» **What you should do**:
Stop after the line holding "Denna herrjacka, tillverkad". Repeat exactly every line before it in the records below, that line too, and leave out the pictures.

☆ ☆ ☆

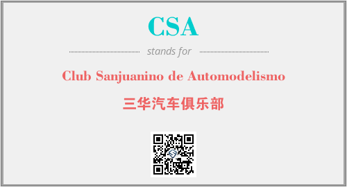 英文缩略词“CSA”经常作为“Club Sanjuanino de Automodelismo”的英文缩写来使用,中文表示:“三华汽车俱乐部”。本文将详细介绍英文缩写词CSA所代表英文单词,其对应的中文拼音、详细解释以及在英语中的流行度。此外,还有关于缩略词CSA的分类、应用领域及相关应用示例等。
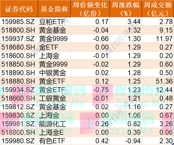 商品ETF本周除有色ETF下跌0.94%外,其余均实现上涨,豆粕ETF大涨3.44%,而黄金相关ETF普遍涨逾1%。
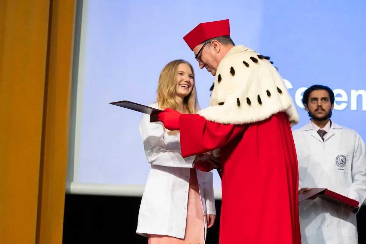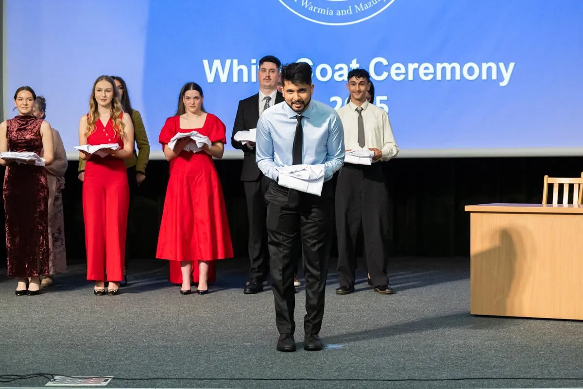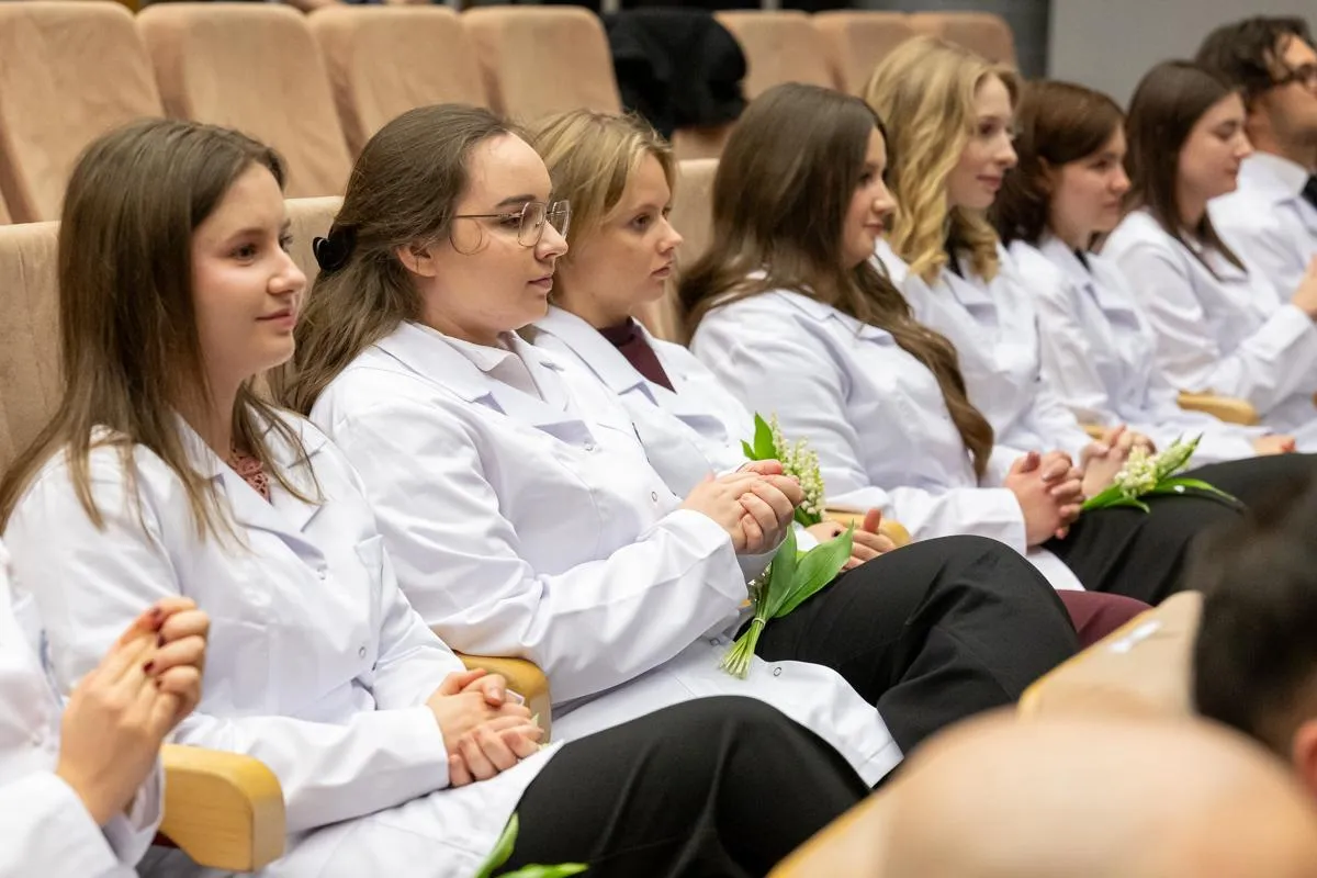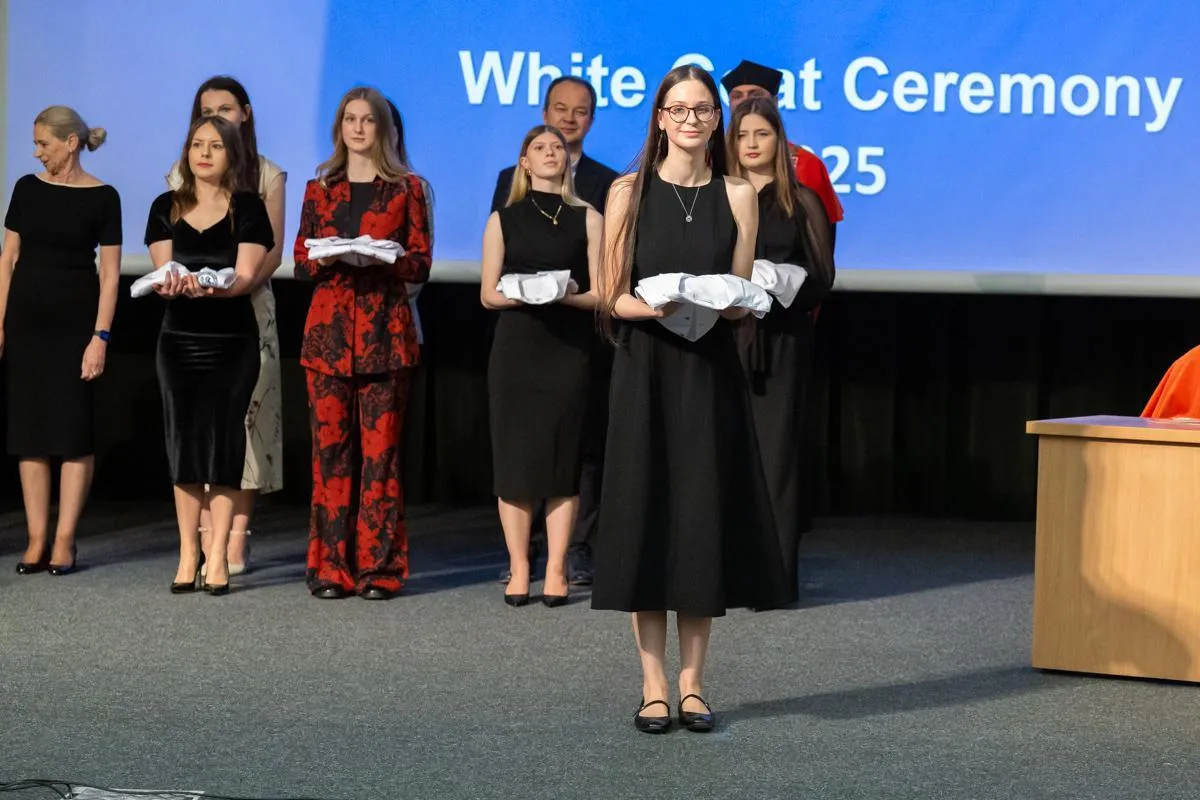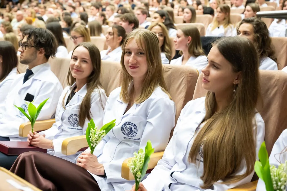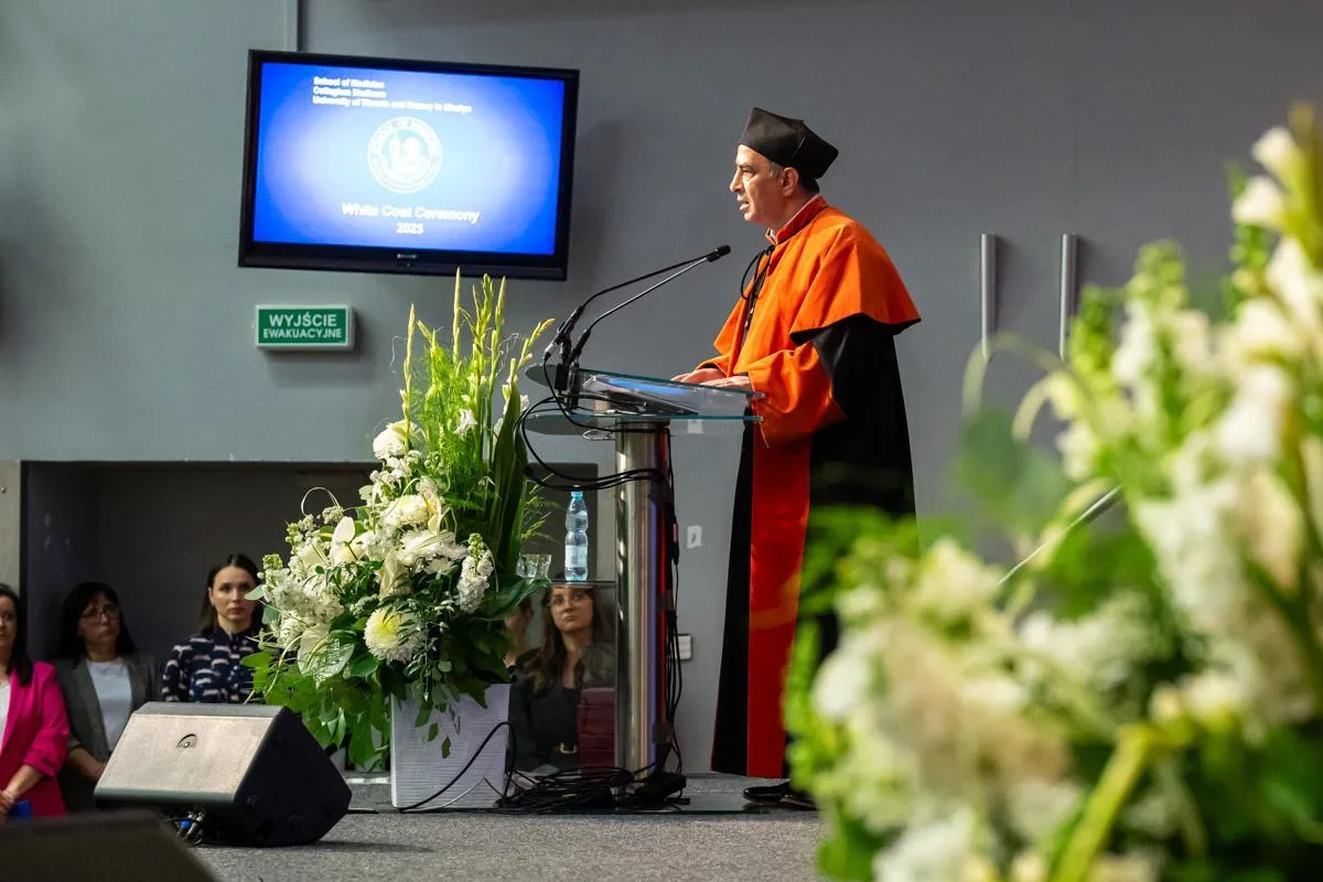 – Dzisiejsza ceremonia jest dla nas zwieńczeniem trzech lat ciężkiej pracy. Za nami wiele wyrzeczeń, nieprzespanych nocy, przeczytanych książek, napisanych egzaminów. Nie było łatwo, ale wytrwaliśmy! Po godzinach spędzonych nad anatomią, biofizyką, niekończącą się walką z fizjologią i patofizjologią, weszliśmy w nowy etap naszej edukacji. Założenie białego fartucha to coś więcej niż symbol rozpoczęcia zajęć klinicznych – to wejście w świat medycyny z nową odpowiedzialnością wobec pacjentów, wiedzy i siebie nawzajem – mówiła studentka i skierowała garść podziękowań:
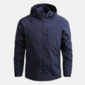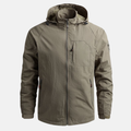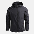 Denna herrjacka, tillverkad av en lättviktig vävd polyesterblandning, kännetecknas av en lös passform och en hög krage med huva. Idealisk för vardagligt bruk.
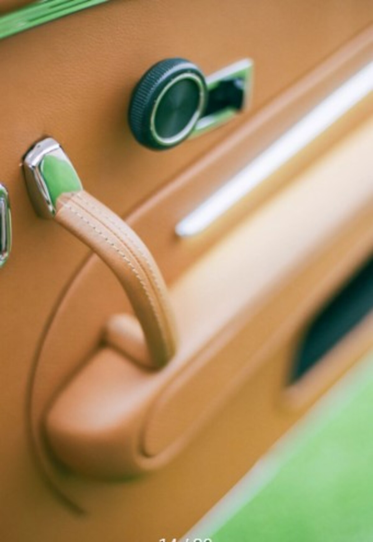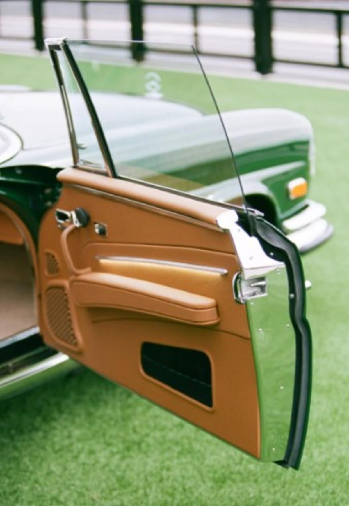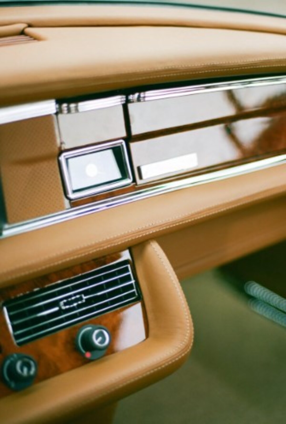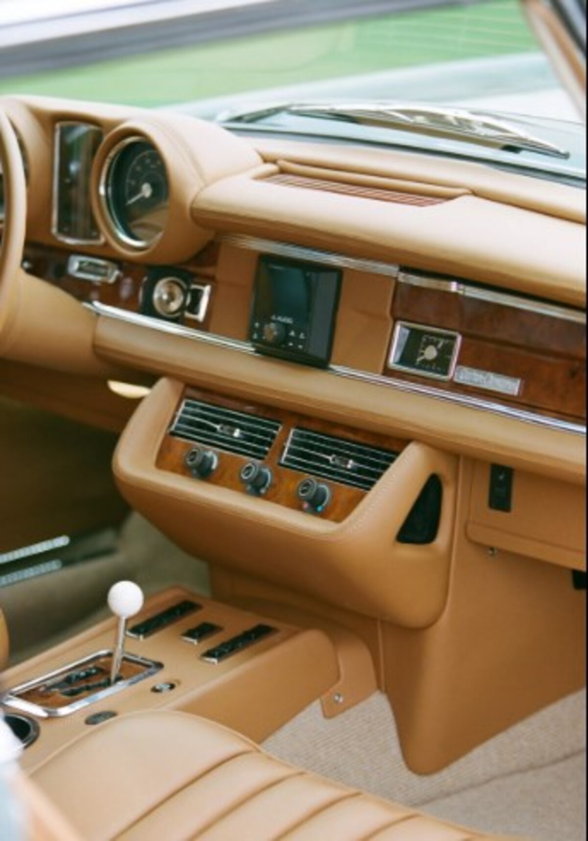 Інтер’єр майже повністю оригінальний. Retro Designs перетягнула салон новою коричневою шкірою, додала сучасні перемикачі та оновлені дерев’яні вставки по всьому салону. Тунель коробки передач, кермо та важіль залишилися оригінальними. Перше, що відразу кидається в очі, — невелика аудіосистема JL Audio у центрі панелі.
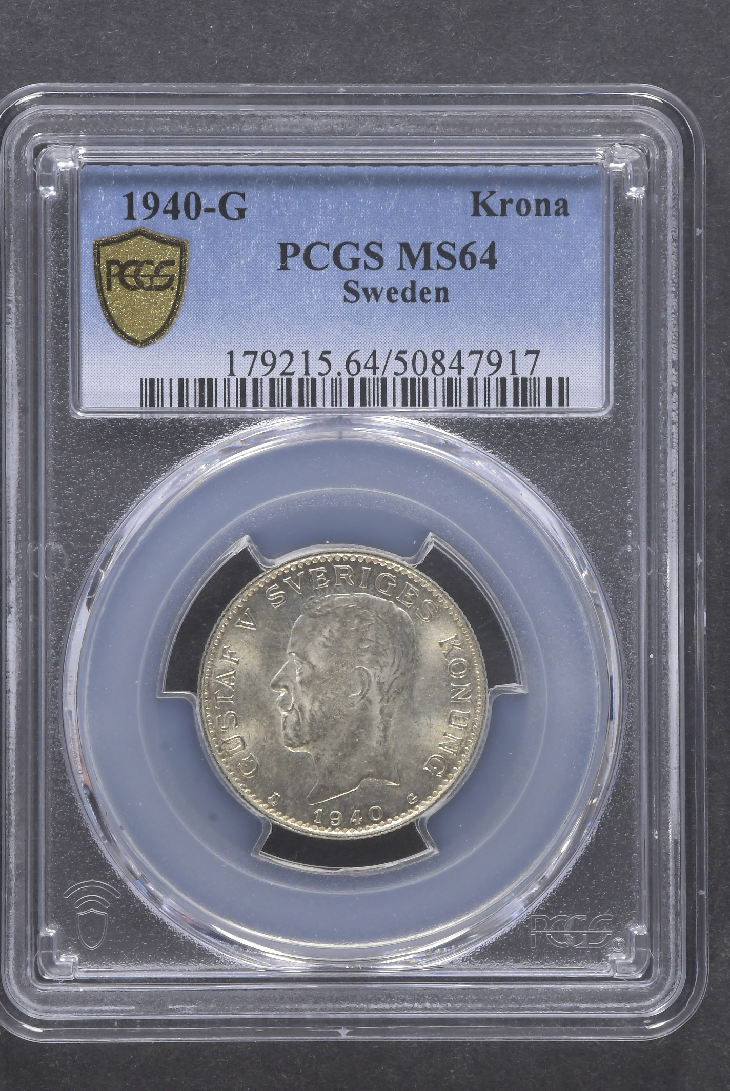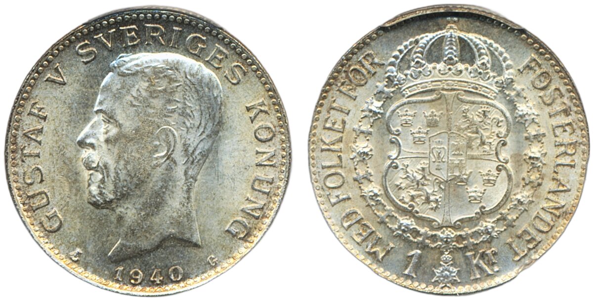 Coins, Sweden. Gustav V, MIS I.26a, 1 krona 1940. Beautifully toned. Graded by PCGS as MS64. 01/0. See certification at PCGS
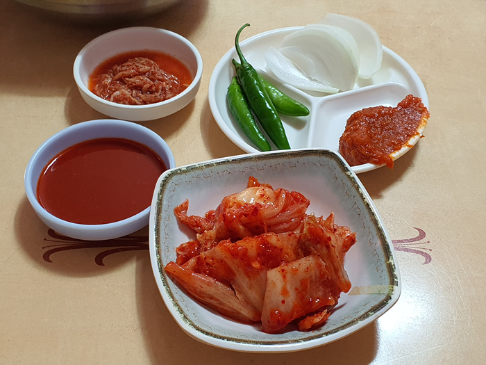국밥을 주문하면 기본 찬은 김치와 젓갈 그리고 고추, 양파가 나온다. 1인분 식사도 가능한 곳이니 부담 없이 혼밥을 즐길 수 있다.
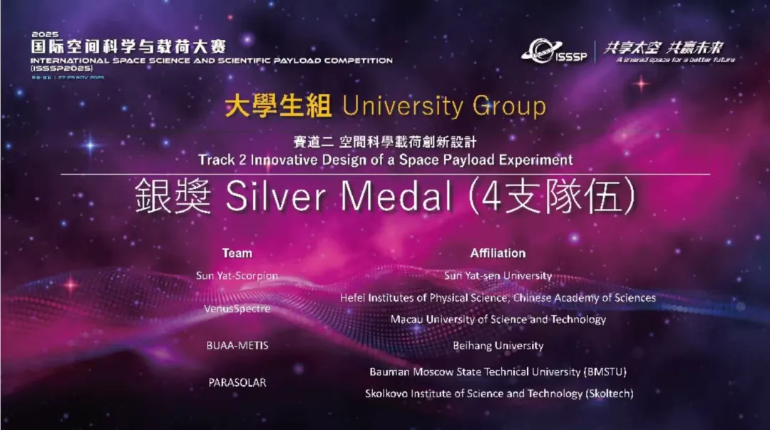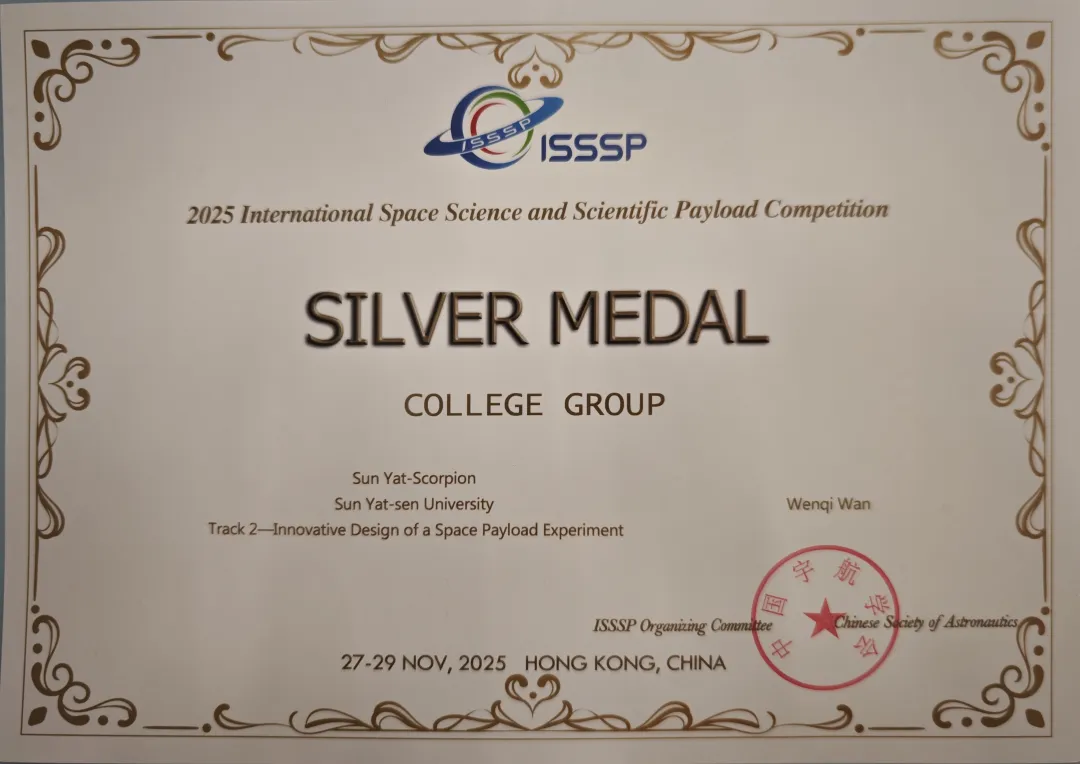 近日,2025年国际空间科学与载荷大赛在中国香港落下帷幕。中山大学航空航天学院代表队凭借出色的表现,在“大学组赛道二:空间科学载荷创新设计”中荣获国际银奖(金奖空缺)。
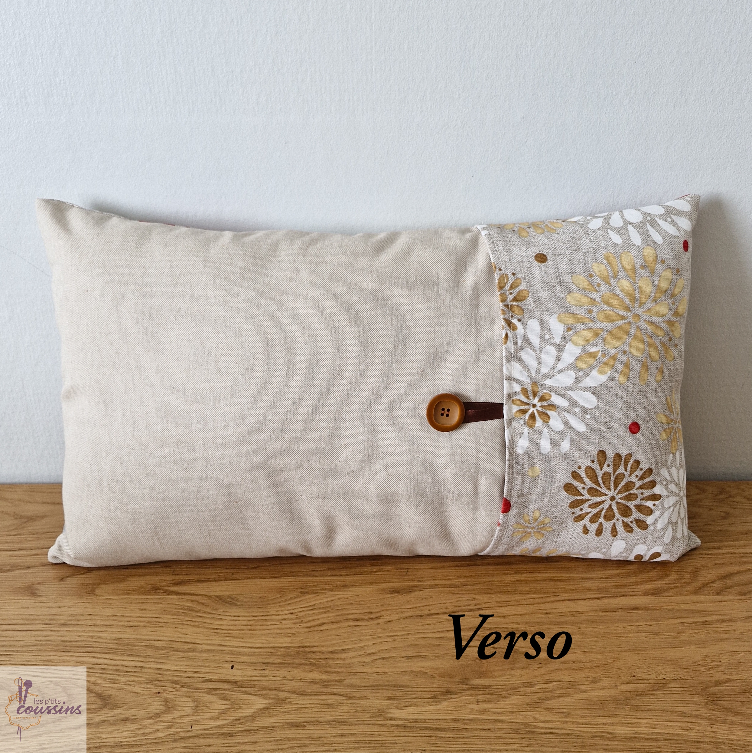 Le dos des housses est en partie uni de couleur lin et fermé par un bouton assorti.
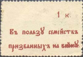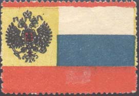 1915 г. Разм. 45 х 30 мм. Многоцветная двухсторонняя печать на белой бумаге. Зубц. 11 1/2. На лицевой стороне новый государственный флаг России. На оборотной стороне номинал, ниже текст в две строки: «В пользу семейств призванных на войну».
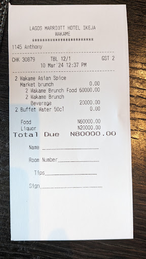 Read moreWhy 2 stars? This is an American hotel chain and they are running things like they are not. Example: pay 40k naira for Sunday Brunch buffet and get 2 alcoholic drinks.
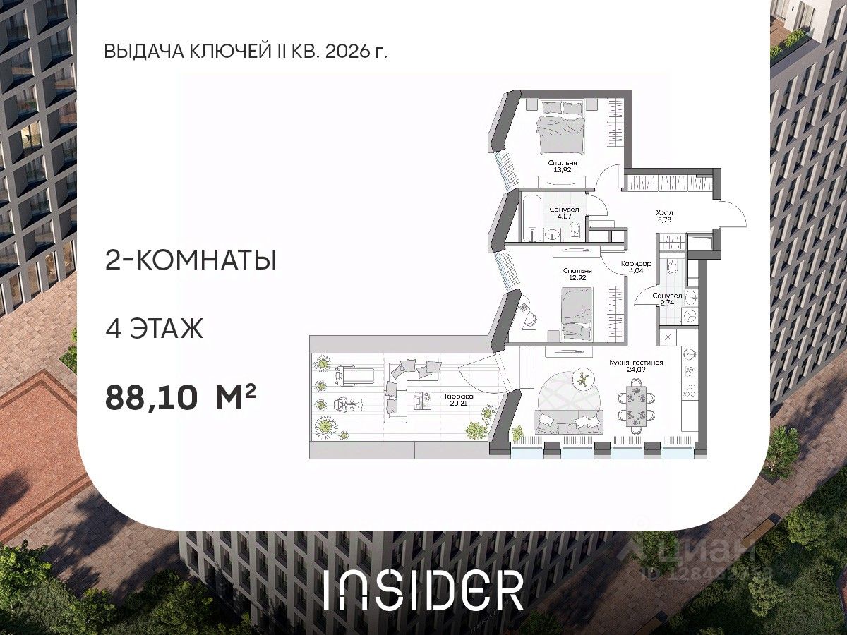 Дом на набережной INSIDER дом с уникальной и запоминающейся архитектурой. Состоит из 7 секций разной этажности от 10 до 16 этажей. На первых этажах расположены помещения коммерческой инфраструктуры, ресторан, лобби и гранд-лобби с зонами отдыха. Закрытая территория и приватный благоустроенный внутренний двор только для резидентов и их гостей.
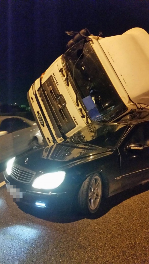 [好險]大貨車國道爆胎翻車 賓士慘遭壓扁,要不是賓士可能更慘

☆ ☆ ☆

» **Solved exercise**:
 英文缩略词“CSA”经常作为“Club Sanjuanino de Automodelismo”的英文缩写来使用,中文表示:“三华汽车俱乐部”。本文将详细介绍英文缩写词CSA所代表英文单词,其对应的中文拼音、详细解释以及在英语中的流行度。此外,还有关于缩略词CSA的分类、应用领域及相关应用示例等。
 商品ETF本周除有色ETF下跌0.94%外,其余均实现上涨,豆粕ETF大涨3.44%,而黄金相关ETF普遍涨逾1%。
 – Dzisiejsza ceremonia jest dla nas zwieńczeniem trzech lat ciężkiej pracy. Za nami wiele wyrzeczeń, nieprzespanych nocy, przeczytanych książek, napisanych egzaminów. Nie było łatwo, ale wytrwaliśmy! Po godzinach spędzonych nad anatomią, biofizyką, niekończącą się walką z fizjologią i patofizjologią, weszliśmy w nowy etap naszej edukacji. Założenie białego fartucha to coś więcej niż symbol rozpoczęcia zajęć klinicznych – to wejście w świat medycyny z nową odpowiedzialnością wobec pacjentów, wiedzy i siebie nawzajem – mówiła studentka i skierowała garść podziękowań:
 Denna herrjacka, tillverkad av en lättviktig vävd polyesterblandning, kännetecknas av en lös passform och en hög krage med huva. Idealisk för vardagligt bruk.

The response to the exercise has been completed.